El gentío era más numeroso de lo que se hubiera esperado: unas quinientas personas ocupaban la acera delante del tribunal, apelotonadas en las escaleras hasta el área de aparcamiento exclusivo para las «visitas oficiales». Los equipos de televisión parecían pequeñas islas de paz dentro del mar agitado de rostros crispados y pancartas que rezaban:

«¡ABAJO CON CLEAVER!».

«¡CLEAVER AL TALEGO!».

«¡HIJO DE PUTA PERVERTIDO!».

«¡CADENA PERPETUA!».

«¡MUERTE A LOS DESGRACIADOS PODÓFILOS!».

Logan hizo una mueca cuando leyó esta última. No había nada peor que la gente ignorante y furiosa que va con su superioridad moral por delante y una muchedumbre apoyándola por detrás. La última vez que se había producido semejante fervor, tres pediatras habían acabado con todas las ventanas de sus consultas hechas pedazos. Ahora parecía que iban a ir a por los fetichistas de los pies.
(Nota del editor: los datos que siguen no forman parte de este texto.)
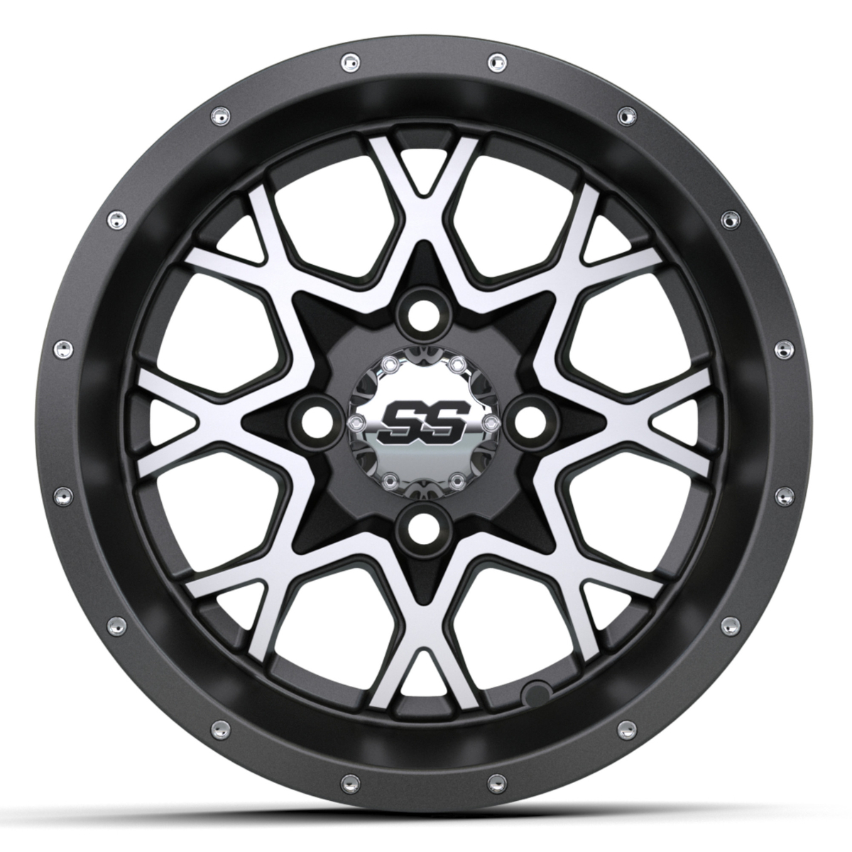 GTW® 12x7 Vortex Wheel now available in a Matte Gray & Machined finish. It is constructed of solid cast aluminum for maximum strength and minimum weight. The GTW® Vortex wheel offers an exclusive GTW® Mesh-Spoke design, deep rim lip, and two-piece look chrome studs. The Vortex pairs great with our premium line of tires and accessories
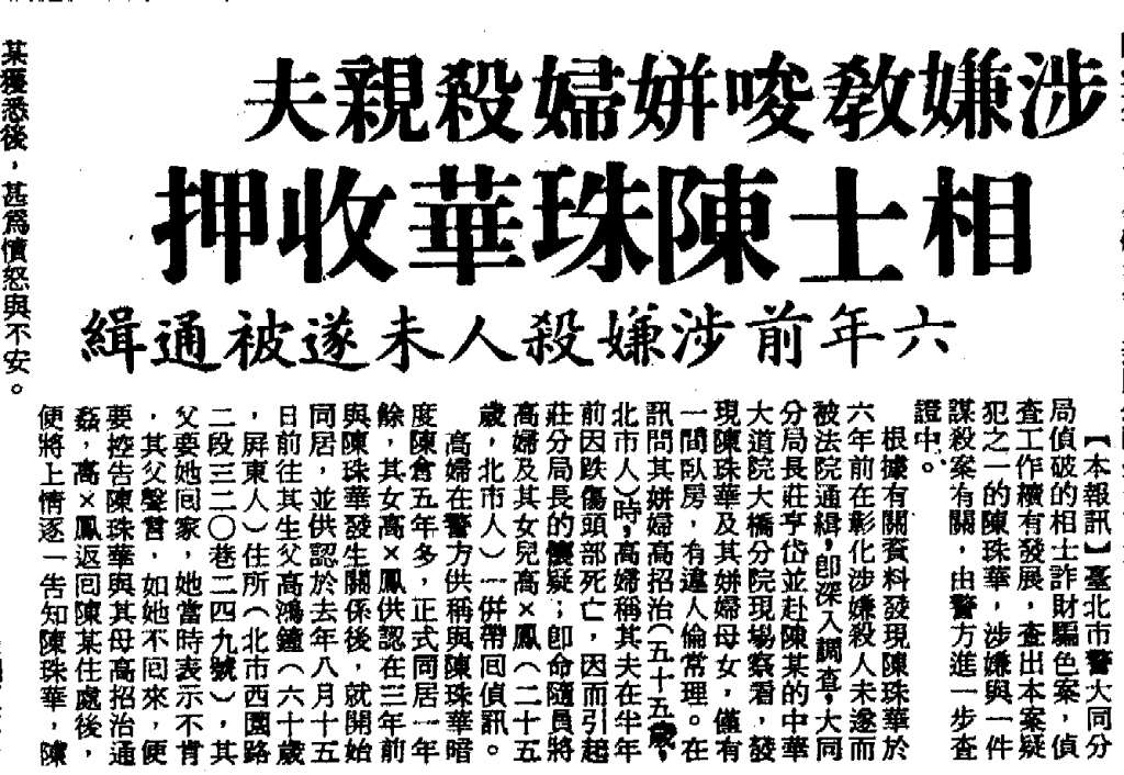本報訊,〈涉嫌教唆姘婦殺親夫 相士陳珠華收押〉,《中央日報》,1974年2月28日。

Las cosas ya habían empezado a ponerse feas.

Estaban coreando y gritando insultos hacia el tribunal: hombres, mujeres, padres y abuelos, todos apiñados, clamando venganza. Solo faltaban las horcas y las antorchas.

De repente se hizo el silencio.

Se abrieron las grandes puertas de vidrio y Sandy Moir-Farquharson salió a la lluvia. Gerald Cleaver no estaba con él. Por muy culpable que lo creyeran, la policía de la ciudad no iba a permitir de ninguna manera que Cleaver tuviera que vérselas con aquella turba.

Sandy el Serpiente sonrió hacia la multitud como si los presentes fueran sus amigos de toda la vida. Había llegado su hora de brillar. Las televisiones de todo el mundo apuntaban hacia él. Hoy iba a ser la estrella indiscutible del escenario global.

A su alrededor se levantó un cerco de micrófonos. Logan salió a la calle, arrastrado por una curiosidad malsana, hasta que estuvo lo bastante cerca para oír las palabras del abogado.

—Señoras y señores —dijo Moir-Farquharson, sacando unas hojas dobladas del bolsillo de la chaqueta—. Mi cliente no está disponible para hacer ningún comentario en estos momentos pero me ha pedido que les lea la siguiente declaración.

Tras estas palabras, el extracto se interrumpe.